On 5 Oct, 01:26, "cj" wrote:
Hi
You say the house is a 60's build IIR the backboilers in these houses was
(as you say) behind a coal fire with a flue diverter in the chimney to suck
heat around it when the fire was lit.
This type of system was a direct system with the same water in the hot
cylinder being routed through the back boiler .(memories of dad yelling Turn
on the Bl*&^y hot water quick before the bedroom fills with steam).

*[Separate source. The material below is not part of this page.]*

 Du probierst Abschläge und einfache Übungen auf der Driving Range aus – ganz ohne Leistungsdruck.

When central heating was fitted one way to heat the existing tank was to
remove the immersion heater and replace it with a heat exchanger coil which
the new gas boiler heated.
Another was to replace the existing cylinder with an indirect unit and
disconnect the back boiler totally leaving the boiler behind the fire empty.
It may be worth checking your cylinder to verify the system.

HTH
CJ.


The above has a point. However I think if it had been disconnected
you would have become aware of it.
(a) Your water in the cylinder wouldn't get hot when you lit a fire.

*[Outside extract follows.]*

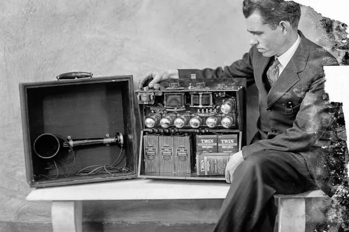 Брент Дэниел, бывший сотрудник радиолаборатории вашингтонского Бюро стандартов, демонстрирует разработанный им первый портативный супергетеродинный радиоприёмник. Семь радиоламп, батареи, антенна, динамик и остальные необходимые компоненты полностью помещаются в переносной корпус. С помощью этого устройства можно ловить радиостанции с Тихоокеанского побережья.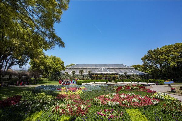 在景观温室前后,武汉植物园还通过几组郁金香花艺景观打造浪漫的郁金香花园。

(b) The firebacke boilers had no drain point you would have heard the
rumble of boilng water in the boiler after a while when you lit a
fire if it had been disconnected.
After a few hours the boiler would have melted /burned through/
sagged./ when it boiled dry.

There used to be an alternative way of dealing with the cyinder's lack
of heat exchanger. That was to install a " sidewinder" heat exchanger,
a dodgy device with mechanical joints.
Bloody hell, they still make them!
http://www.trademate.co.uk/ProductEx.../yorkshire.pdf
page nine.
These were very popular back in the sixties/seventies. They worked
quite well but sometimes leaked.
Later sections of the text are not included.